Admitting our powerlessness cultivates humility. It is a cornerstone of spiritual maturity and helps us see beyond our ego. It helps us actualize our limitations.  

Belief in a Higher Power 

I remember the conversation like it was yesterday. It is January 1998. I am on a mission trip to New York City, staying in a homeless shelter. I am having a conversation with a man who is a member of the community. They followed a 12-step curriculum, and he was trying to convince me his higher power was a toaster.  

If you ask me why I am still a Christian and why I still believe in God, I can’t give you a theological answer. I think for me, God transcends the definable. God for me is a transrational being. My belief in God is experientially based.  

Believing in a higher power for support instills a sense of trust. It can foster a deep sense of connection and purpose. Paul Tillich “suggested that God be understood as the “ground of Being-Itself.” He felt that, since one cannot deny that there is being (where we and our world exist), there is therefore a Power of Being. He saw God as the ground upon which all beings exist. As such, God precedes “being itself” and God is manifested in the structure of beings.” 

Self-Examination, Admitting faults, and Readiness to Remove Defects 

Sometimes I get a client who comes to my office for therapy who was either told they had to go by a spouse or by a parent. Often, this person really does not want to be sitting across for me and will on occasion verbalize not knowing why they are in my office. Sometimes, I get “my wife said I should go, it will help with our marriage.” All of these people are in what we call in the Transtheoretical Model of Change, the Precontemplation stage of change.  

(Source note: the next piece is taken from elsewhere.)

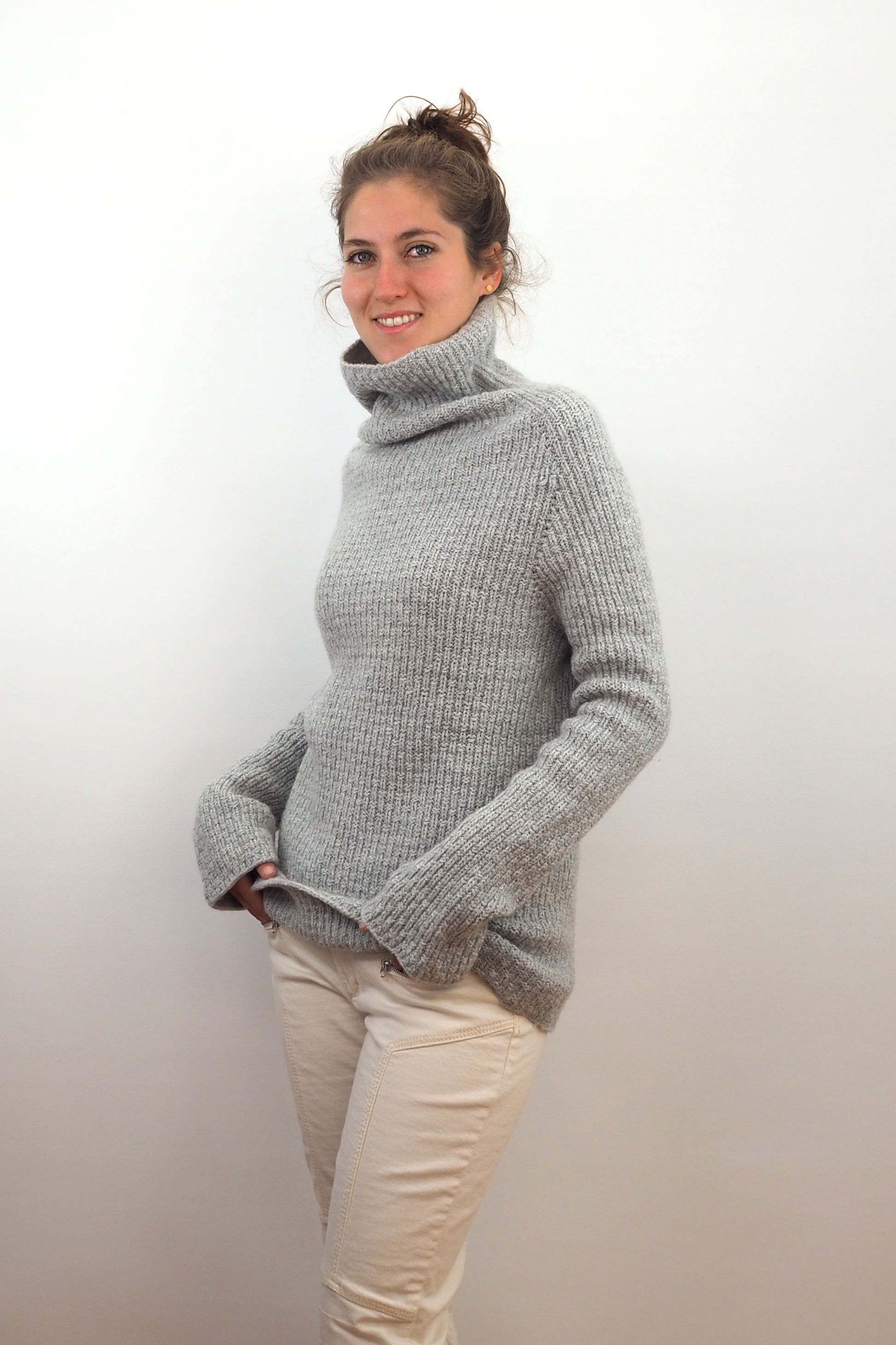 Erfahrung im Rundstricken und Flachstricken mit Rundnadeln und Nadelspiel (oder Magic Loop) für die Ärmel, Kenntnis von geneigten Zunahmen (m1L /m1R ) rechts- und links-gestrickt.

In behavioral work, when a noxious behavior is identified, one of my criteria for triaging the severity of the behavior is “is it annoying to the people around the client or the clients’ friends and family?” or “Is there a chance of danger?”(Self harm, bodily harm, violence, suicidal ideation, property damage). 

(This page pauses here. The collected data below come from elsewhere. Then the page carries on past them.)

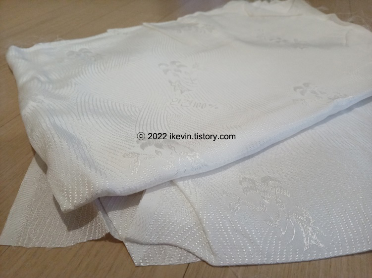 자투리 원단을 뒤져보니 예전에 유아용 인견이불을 만들고 남은 자투리가 있어서, 이것으로 결정했어요.
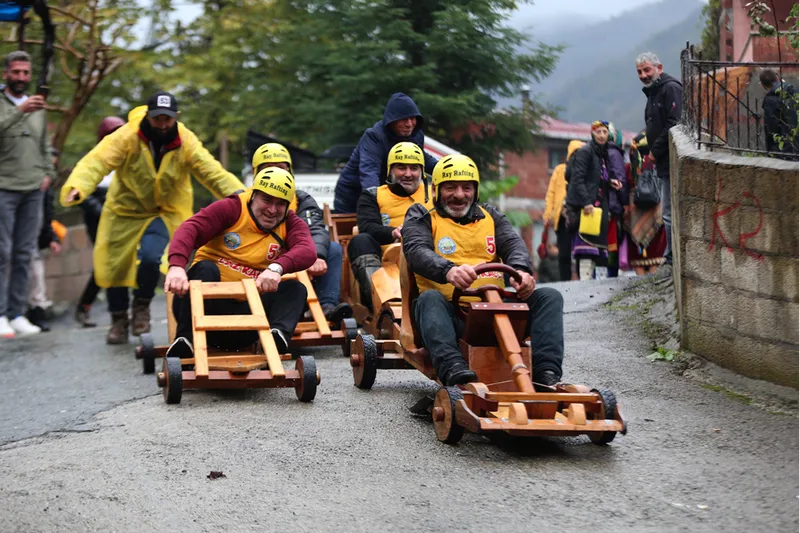 RİZE (AA) - Rize'nin Çamlıhemşin ilçesine bağlı Dikkaya köyünde "Laz Ralli Tahta Araba Yarışları"nın 15'incisi düzenlendi.
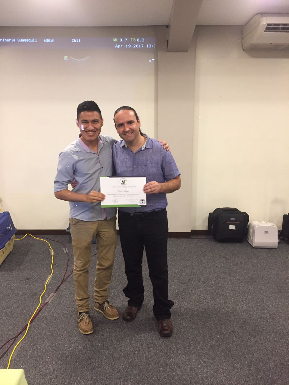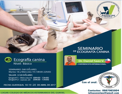 El Seminario y taller de ecografía canina , fue realizado del 18 al 20 de abril del 2017, en el Colegio de Veterinarios del Guayas, con el aval de ASOVETPE-ECUADOR, conferencia dictada con el especialista chileno Dr. Daniel Saez V.
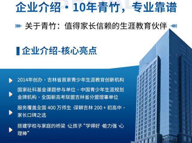 企业介绍-核心亮点 2014年创办,吉林省首家青少年生涯教育创新机构 国家社科基金课题参与单位,中国青少年生涯规划金牌机构,全国新高考联盟吉林省分盟理事单位 服务覆盖全国400万师生 深耕吉林 200+初高中家长口碑之选 搭建学校与家庭的桥梁 让孩子“学得好 能力强 理棒” 博大集团是在博大教育集团的基础上成立的,博大教育集团成立于2012年,2022年正式 更名为博大集团,同时集团业务从传统的教育业务,拓展为以教育为基本,互联网直播业 务为重点,文创旅游研学板块为载体,工程建设为衍生项目,新农业为长远战略布局,形成了一家全性的综合集团公司。公司总部位于吉林省长春市,在西安、广州、沈阳、哈尔 滨、深圳、衡水、天津、郑州、济南等地共设有16个分支机构。业务覆盖中高考全日制 学校和培训;中等和高等职业教育和技能培训;考研和公务员培训;智慧教育科技等。
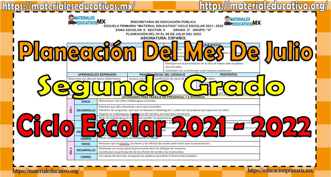 Amigas y amigos docentes queremos compartir con todos ustedes las planeaciones del segundo grado de primaria del mes de julio del ciclo escolar 2021 – 2022, con las que podemos trabajar y adaptar de acuerdo a las necesidades y características de nuestros alumnos durante dicho mes y ciclo escolar, estamos seguros que les será de gran utilidad para su labor educativa, queremos agradecer al autor de este material y nuestro agradecimiento por enviárnosla, muchas gracias por su apoyo y recuerden compartir nuestras publicaciones en sus redes sociales y recuerden etiquetar a sus compañeros y amigos docentes en nuestras publicaciones.
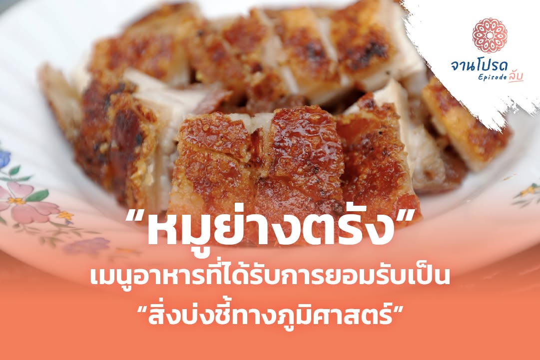 อย่างไรก็ดี จานที่เราจะนำมาเสนอในวันนี้ มีความโดดเด่นโด่งดังจนกระทั่งได้รับการขึ้นทะเบียนเป็น “สิ่งบ่งชี้ทางภูมิศาสตร์” เลยทีเดียว ซึ่งก็แสดงถึงความสำคัญว่า นึกถึงจังหวัดนี้ต้องนึกถึงเมนูนี้อย่างแน่นอน เมนูจานโปรดนั้น ก็คือ “หมูย่างเมืองตรัง”
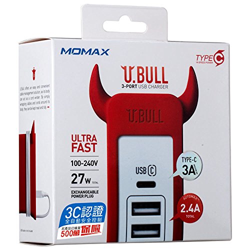 MOMAX USB C Quick Charger, Ultra Fast 3 Port 27W USB Wall Charger with 5V 3A Type-C Port and AutoMax Technology for Galaxy S7 / Edge / Plus, LG, Nexus, HTC and More (Red)
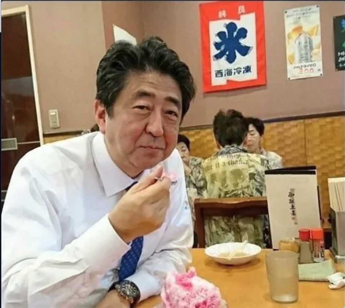 Một trong những hình ảnh được nhiều người Nhật nhớ đến là bài đăng của ông trên Twitter: “Tôi đang ăn đá bào ở quê mình. Mùa hè thực sự đã đến".

I tell my clients, admitting we have a problem is the first step, which is also taken from AA. But there is a deeper spiritual practice here, learning how to be humble. Confronting our ignorance and questing daily for deeper knowledge of self and the world around us. In this deeper of cultivating humility, we can recognize our flaws and our virtues. In doing so, we deepen our understanding of ourselves. In this, we continue to tread on the path towards spiritual maturity.  

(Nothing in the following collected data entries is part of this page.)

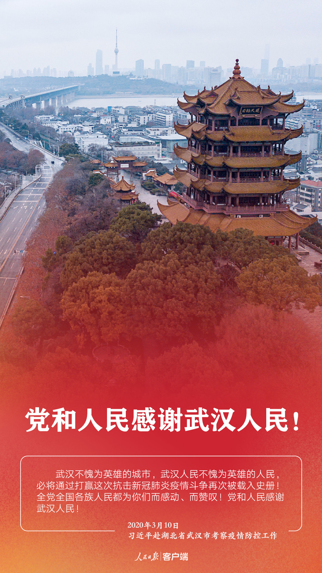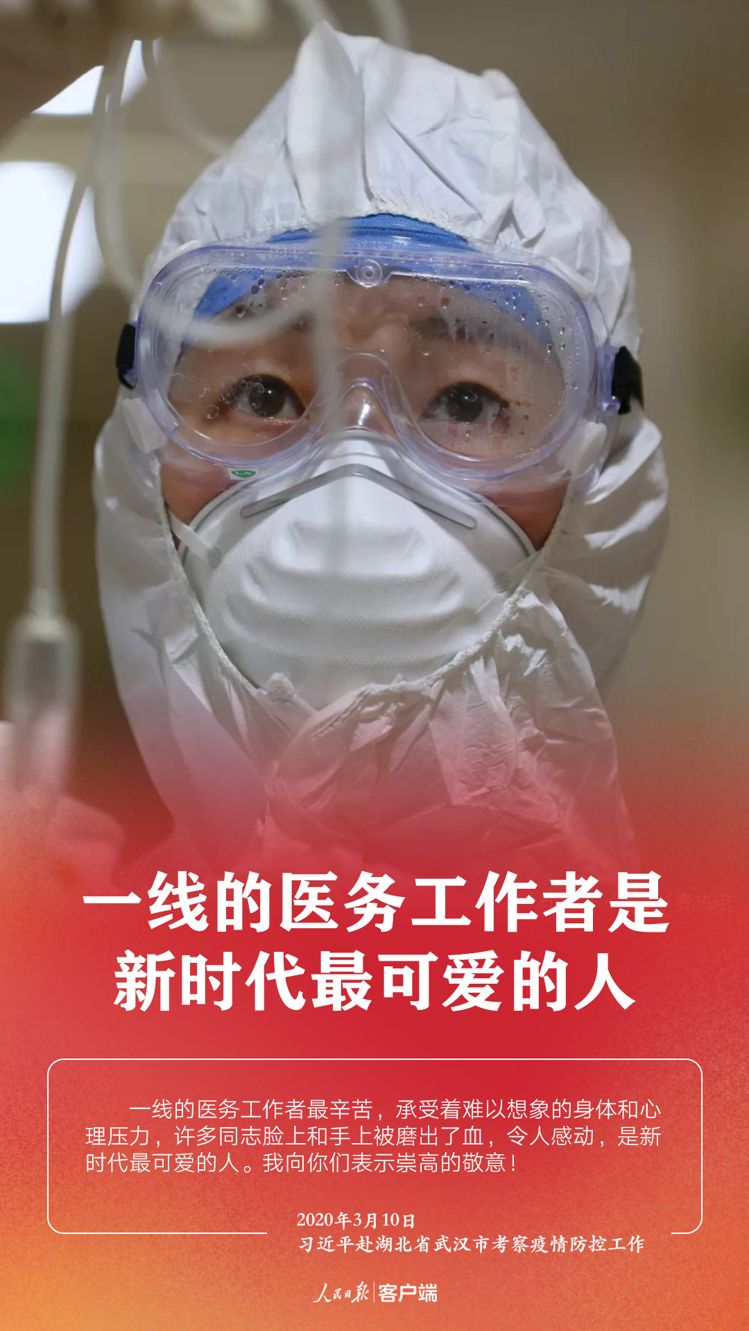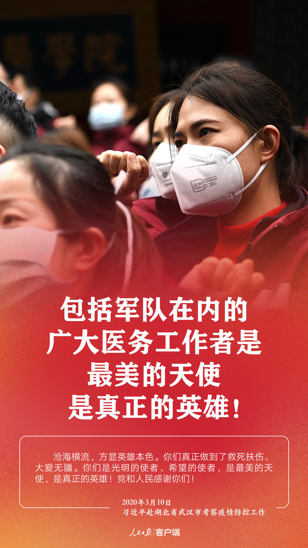 3月10日,在抗擊新冠肺炎疫情的關(guān)鍵時刻,習(xí)近平總書記專門赴湖北省武漢市考察疫情防控工作。他強(qiáng)調(diào),湖北和武漢是這次疫情防控斗爭的重中之重和決勝之地。在這場嚴(yán)峻斗爭中,湖北各級黨組織和廣大黨員、干部沖鋒在前、英勇奮戰(zhàn),全省醫(yī)務(wù)工作者和援鄂醫(yī)療隊(duì)員白衣執(zhí)甲、逆行出征,人民解放軍指戰(zhàn)員聞令即動、勇挑重?fù)?dān),廣大社區(qū)工作者、公安干警、基層干部、下沉干部...
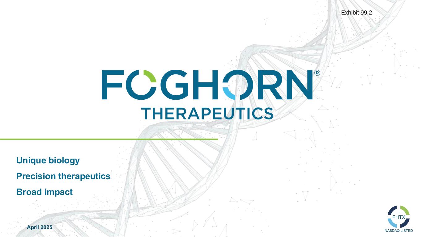 April 2025 Unique biology Precision therapeutics Broad impact NASDAQ LISTED FHTX
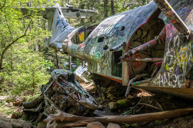 Das gesamte Flugzeug ist heute über und über mit Graffiti bedeckt. Was einst ein militärisches Objekt war, ist nun zugleich Leinwand für neue Ausdrucksformen geworden. Manche dieser Zeichnungen wirken respektlos, andere beinahe poetisch. Sie zeigen, wie selbst Orte des Stillstands von der Gegenwart berührt werden.
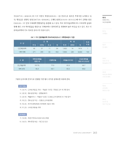 <표 1-15> 인문예술대학 주요지표(2020.4.1. 대학정보공시 기준)
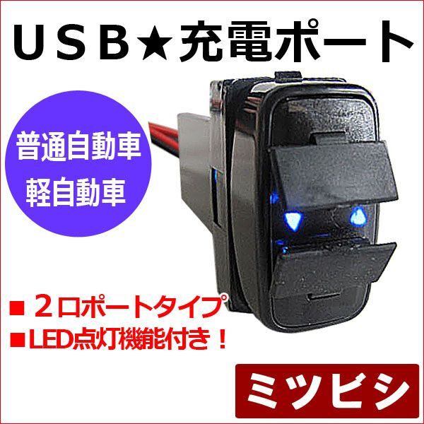 > 【互換品】(車載用) USB充電ポート増設キット/ USB2ポート / ミツビシ車用 / 37x22mm / LED色:ブルー

Asking a Higher Power to Remove Shortcomings 

It is felt that this step is in alignment with submitting to the higher power. Opening my prayers from the Benedictine Daily office are these words: “O God, make speed to save us. O Lord, make haste to help us.” Before getting out of my car for the last 15 years, I have uttered these words, “Come Holy Spirit, move through my day and help me be an instrument of peace. Also, in my thoughts are “not my will Lord, but
yours.” Coming into our day humbly emphasizes our willingness to be open to our
vulnerabilities and ignorances. It emphasizes our humility and aides us on the continuous journey of becoming better versions of ourselves.  

Too Much to Think About 

I have only scratched a tiny amount of the surface of where we could go reflecting on the 12 Steps. This may be my first two-part post. With the 12 steps of the Alcoholics Anonymous, we not only have a powerful tool for healing and breaking the bondage of addiction, but we have powerful guide to lead us on our spiritual path.